== What the task requires ==
Without copying any picture, transcribe exactly the lines of the data below from the one containing "图中为富乐村大棚鸡舍的养殖成鸡(摄影/黄青龙)" through the one containing "女生腿部精美的爱心皇冠纹身图案_女生纹身图案大全_纹身图吧".

== Source records ==
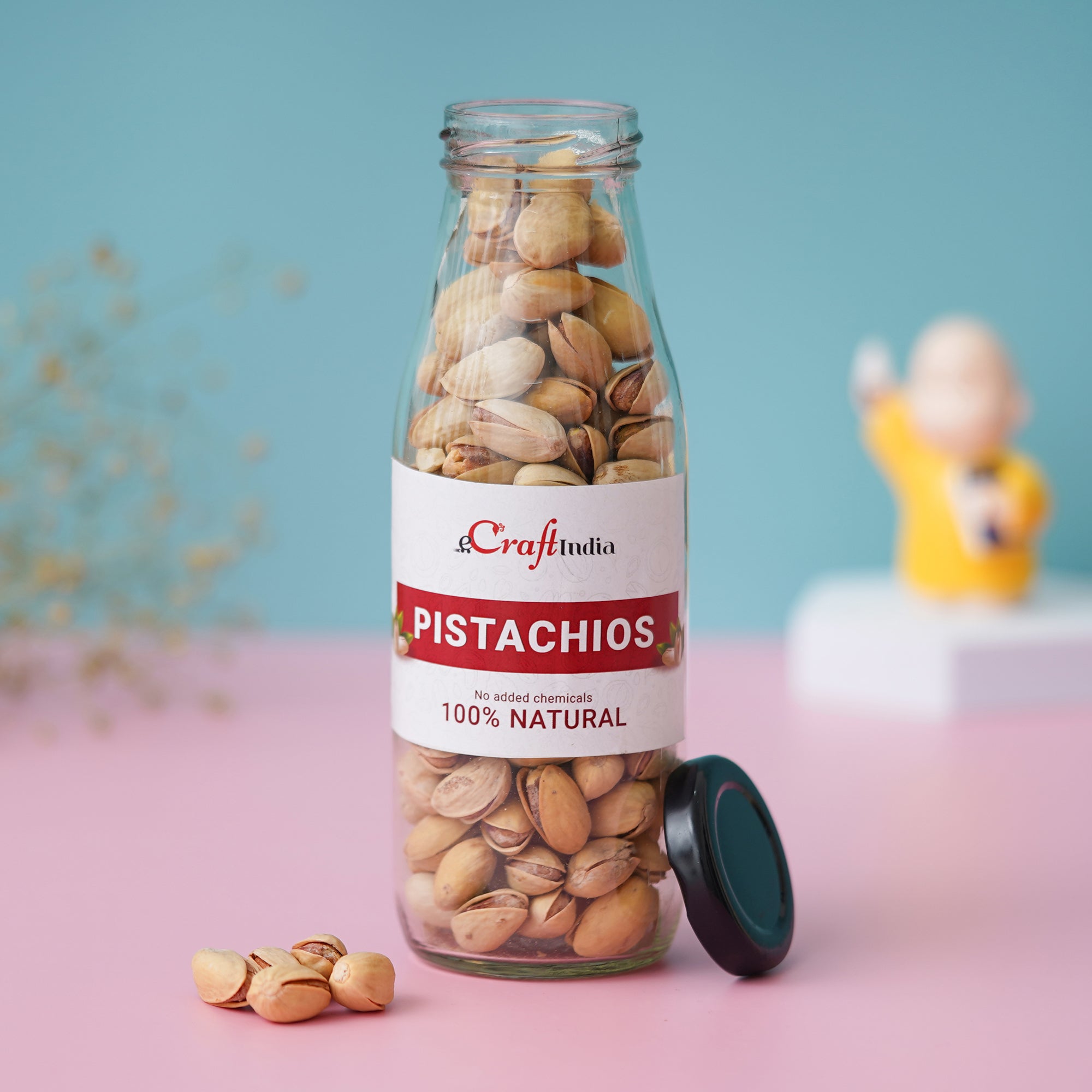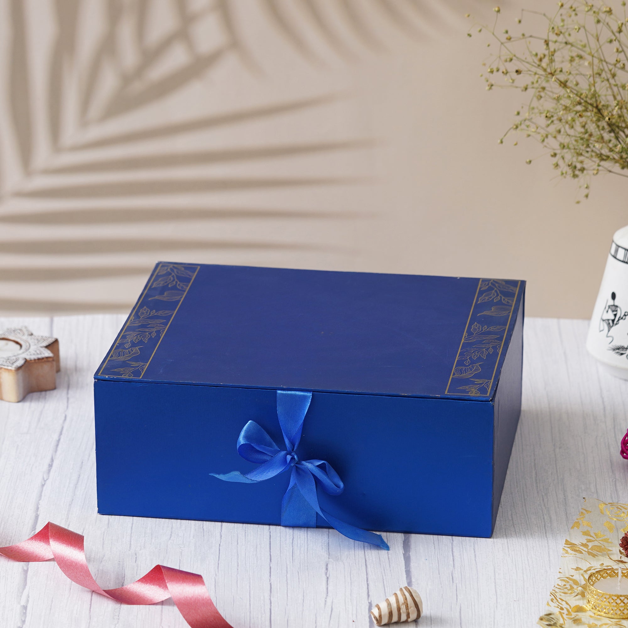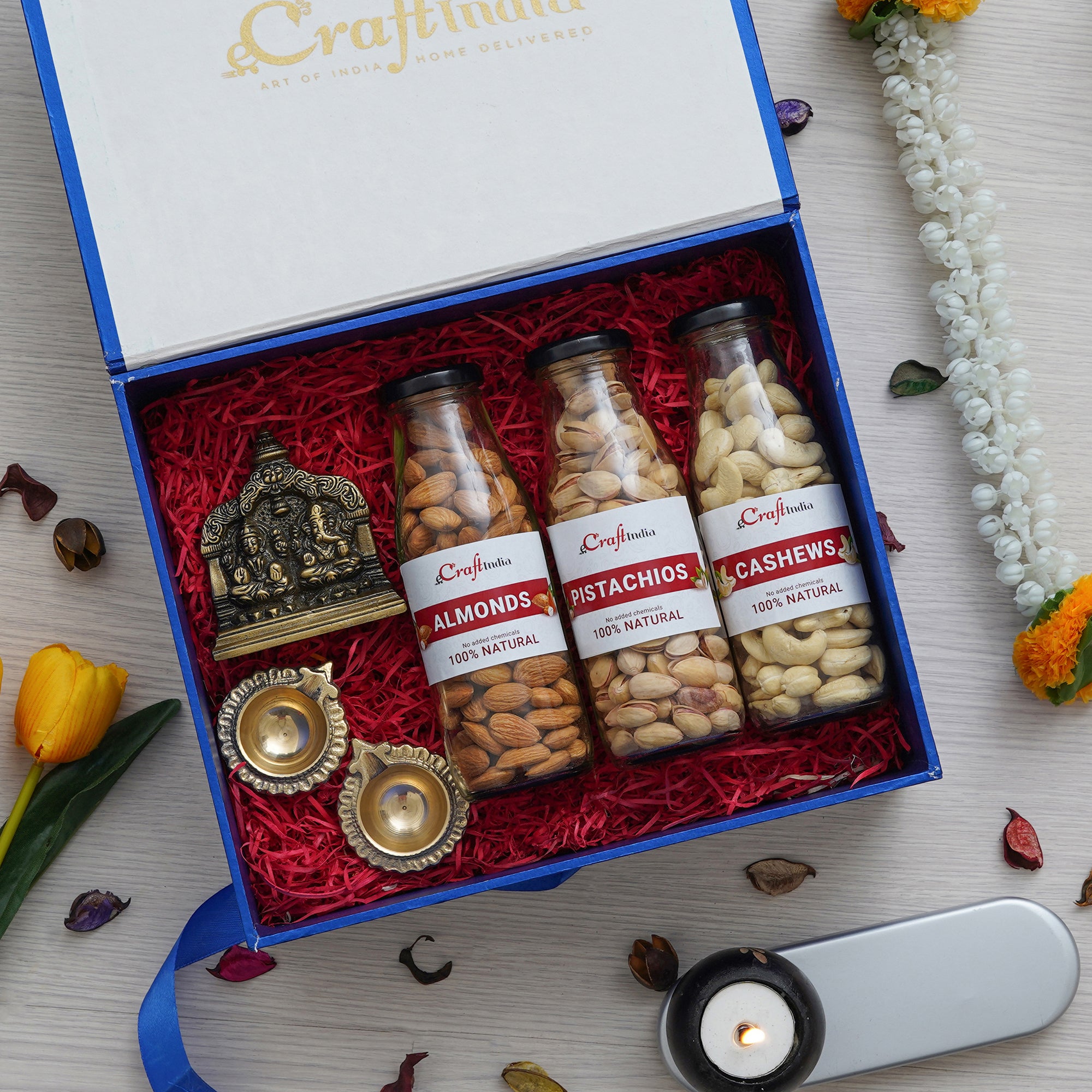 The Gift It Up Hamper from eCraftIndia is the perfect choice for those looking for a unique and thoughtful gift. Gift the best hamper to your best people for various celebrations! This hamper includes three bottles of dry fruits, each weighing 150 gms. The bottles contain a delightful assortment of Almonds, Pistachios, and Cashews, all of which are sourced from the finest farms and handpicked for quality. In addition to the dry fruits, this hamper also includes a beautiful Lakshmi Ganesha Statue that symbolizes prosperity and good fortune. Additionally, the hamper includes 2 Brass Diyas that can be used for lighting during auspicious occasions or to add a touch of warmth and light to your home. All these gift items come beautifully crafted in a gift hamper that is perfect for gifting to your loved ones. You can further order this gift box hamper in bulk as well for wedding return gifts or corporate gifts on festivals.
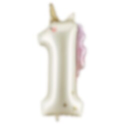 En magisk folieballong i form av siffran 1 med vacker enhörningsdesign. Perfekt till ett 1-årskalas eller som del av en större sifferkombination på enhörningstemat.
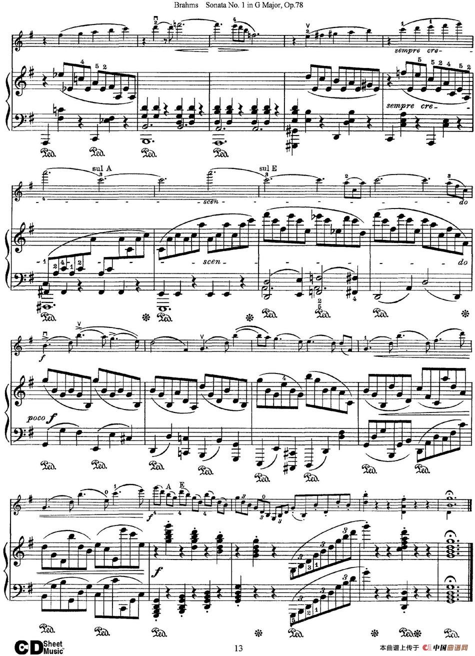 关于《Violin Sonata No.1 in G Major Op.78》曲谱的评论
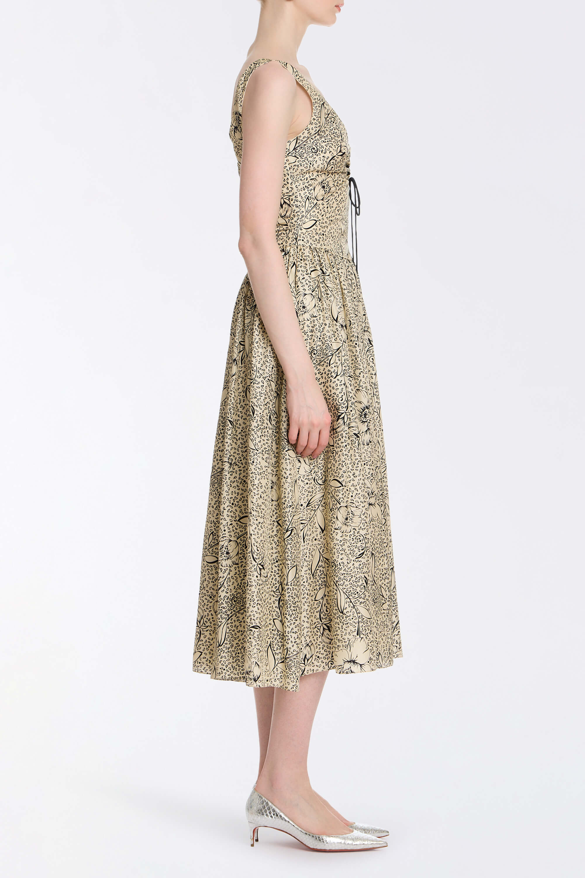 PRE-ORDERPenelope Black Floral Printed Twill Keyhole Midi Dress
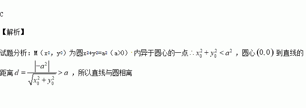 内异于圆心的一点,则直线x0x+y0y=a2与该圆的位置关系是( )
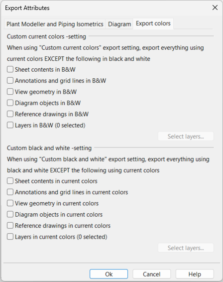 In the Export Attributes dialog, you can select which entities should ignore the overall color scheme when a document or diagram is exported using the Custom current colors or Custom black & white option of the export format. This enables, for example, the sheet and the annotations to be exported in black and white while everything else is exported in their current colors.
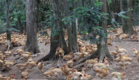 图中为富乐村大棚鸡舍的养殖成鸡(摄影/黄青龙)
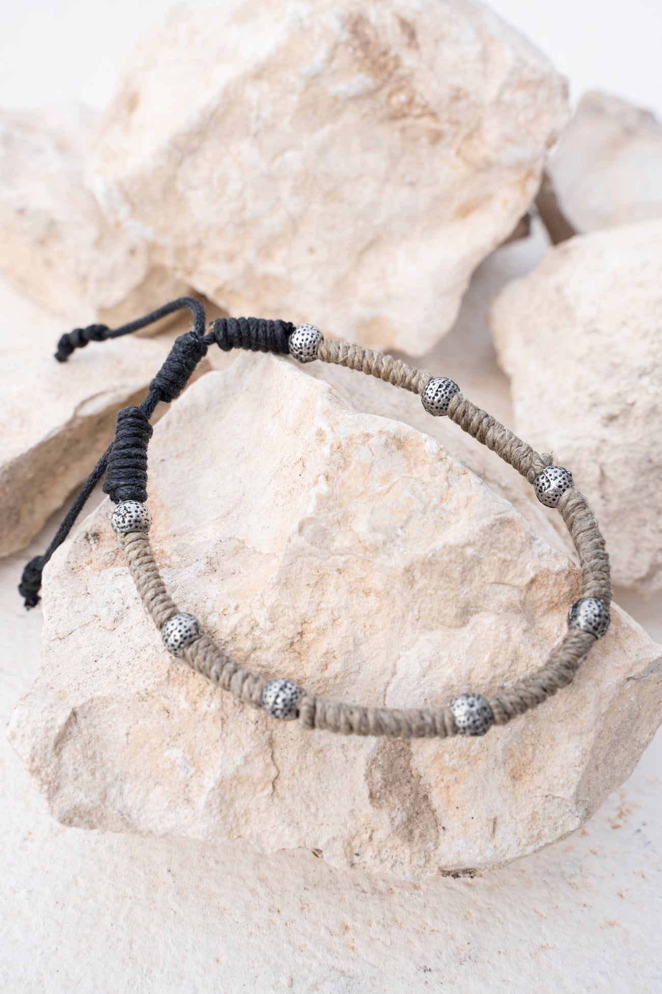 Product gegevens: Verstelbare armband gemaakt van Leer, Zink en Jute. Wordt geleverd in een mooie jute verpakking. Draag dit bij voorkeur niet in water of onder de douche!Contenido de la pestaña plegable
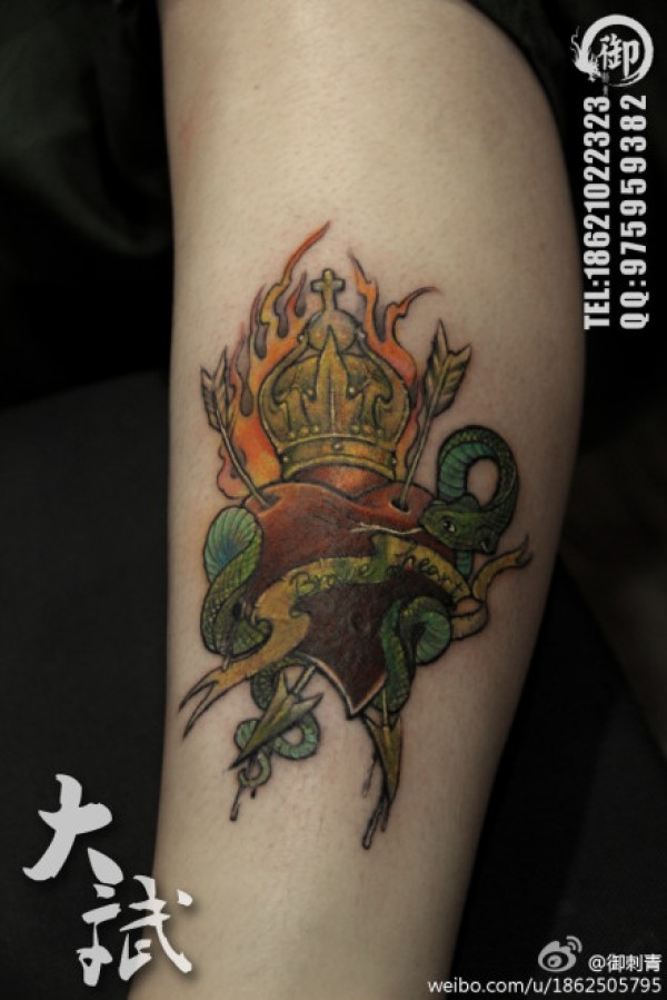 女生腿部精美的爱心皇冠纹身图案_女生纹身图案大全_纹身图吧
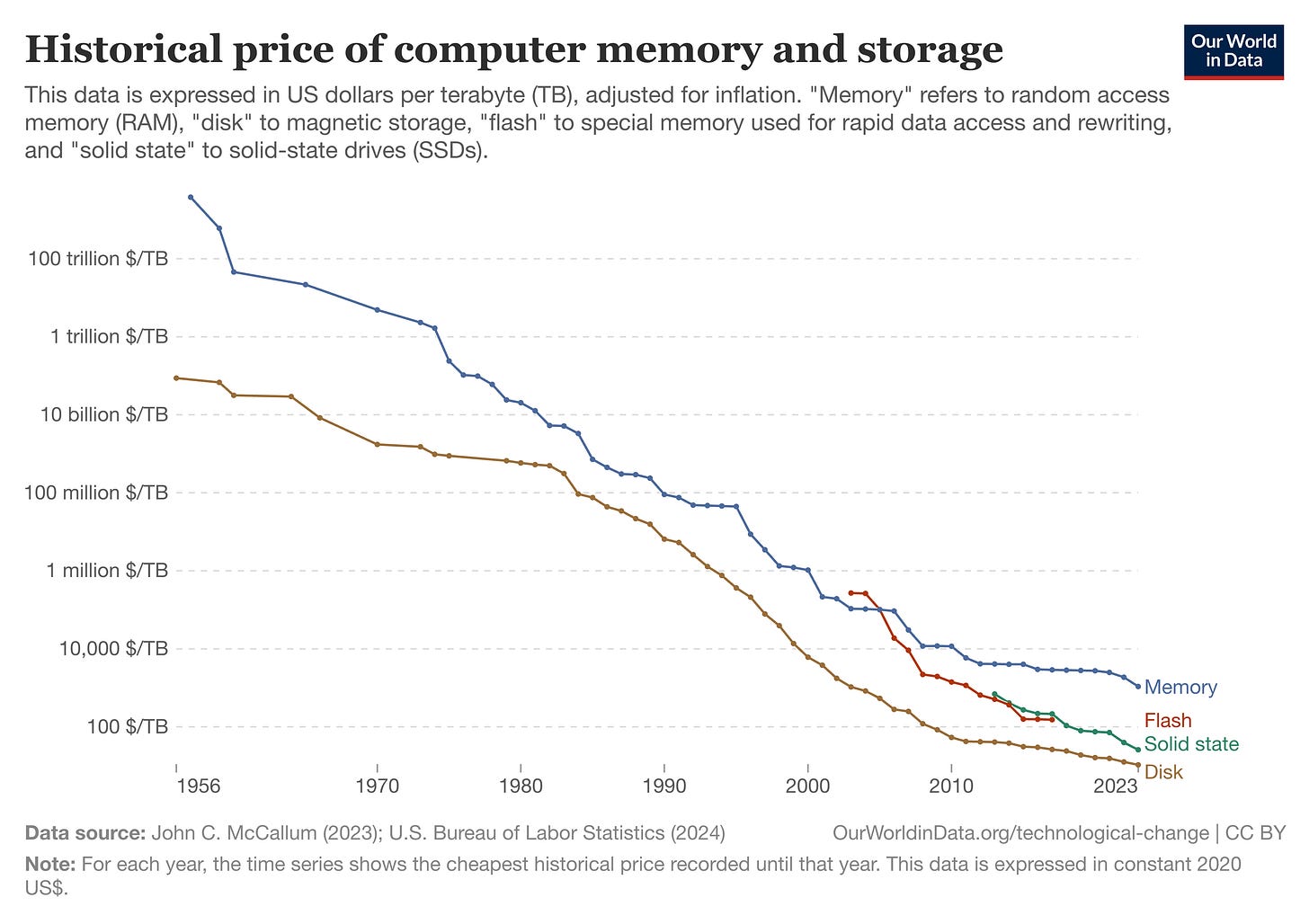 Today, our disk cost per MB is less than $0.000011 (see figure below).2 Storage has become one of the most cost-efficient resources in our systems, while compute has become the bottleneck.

== Solution to the exercise ==
 图中为富乐村大棚鸡舍的养殖成鸡(摄影/黄青龙)
 Product gegevens: Verstelbare armband gemaakt van Leer, Zink en Jute. Wordt geleverd in een mooie jute verpakking. Draag dit bij voorkeur niet in water of onder de douche!Contenido de la pestaña plegable
 女生腿部精美的爱心皇冠纹身图案_女生纹身图案大全_纹身图吧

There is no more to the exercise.